What to produce
Copy out the data that comes next, character for character, and leave the images aside.

Given information
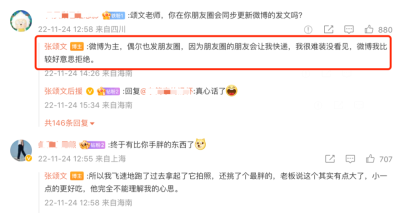 比如张颂文,网友发现他的微博像写日记,经常会跟网友互动,而他的回复一点都不像明星,更像是身边的一位老朋友。
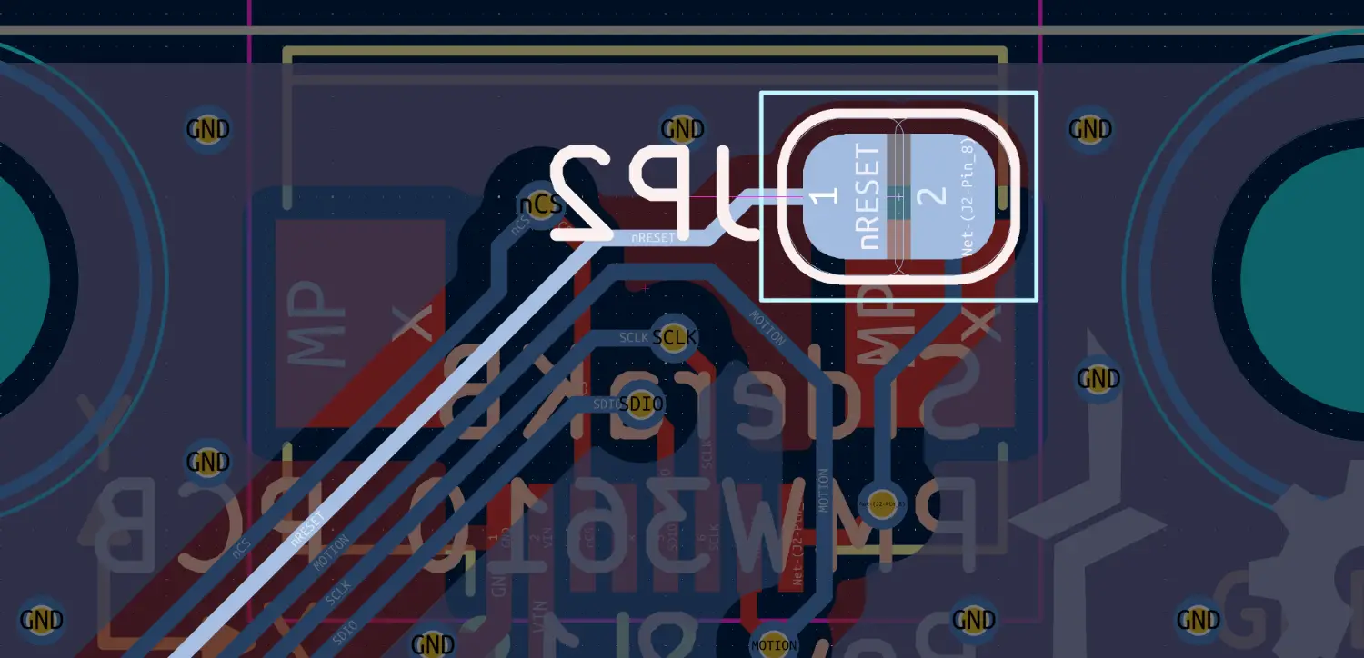 PMW3610 板也有一個小更新,就是在 FPC 和 Reset pin 間加一個 jumper
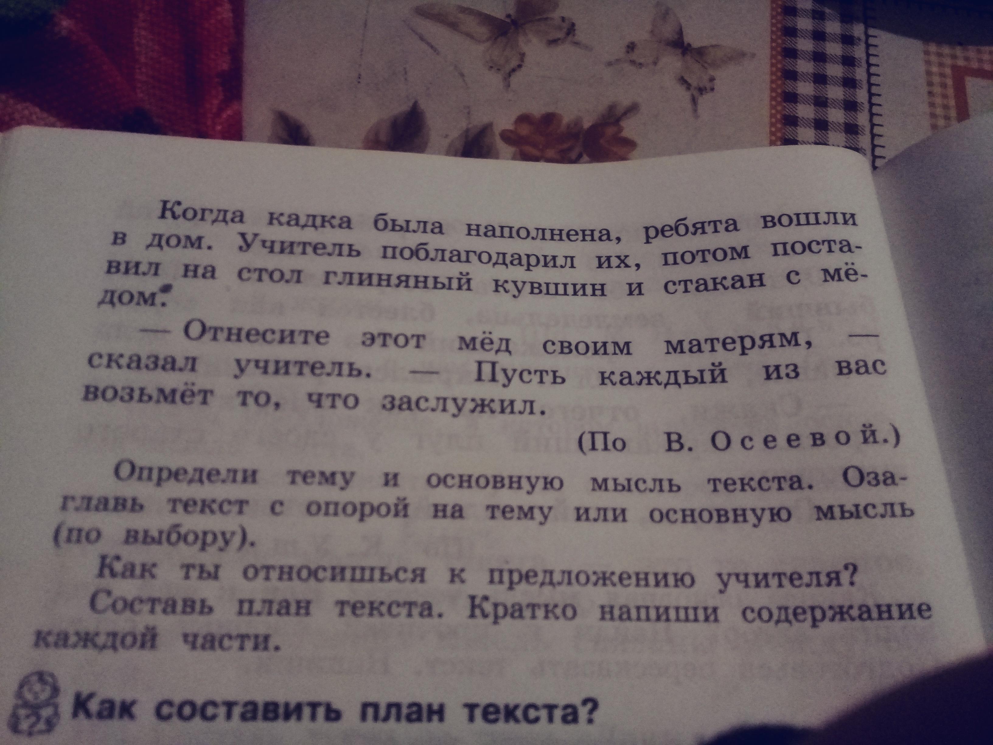 Прочитай. Определи тему и основную мысль текста. Озаглавь текст с опорой на тему или основную мысль (по выбору). Как ты относишься к предложению учителя? Составь план текста. Кратко напиши содержание каждой части.
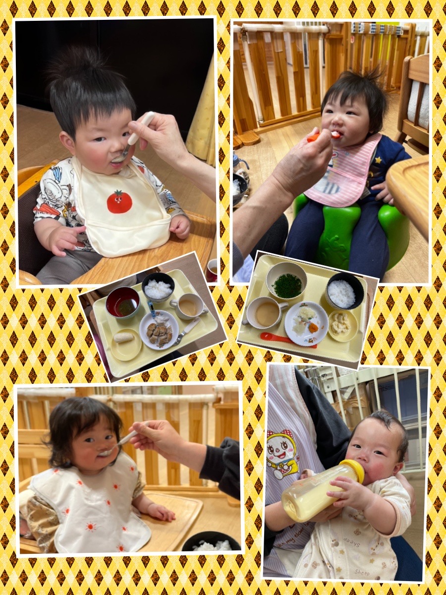 毎日、給食先生が それぞれに合わせた離乳食を作ってくれます‼︎ 大きなお口で アーン(^○^)

Solution below
 比如张颂文,网友发现他的微博像写日记,经常会跟网友互动,而他的回复一点都不像明星,更像是身边的一位老朋友。
 PMW3610 板也有一個小更新,就是在 FPC 和 Reset pin 間加一個 jumper
 Прочитай. Определи тему и основную мысль текста. Озаглавь текст с опорой на тему или основную мысль (по выбору). Как ты относишься к предложению учителя? Составь план текста. Кратко напиши содержание каждой части.
 毎日、給食先生が それぞれに合わせた離乳食を作ってくれます‼︎ 大きなお口で アーン(^○^)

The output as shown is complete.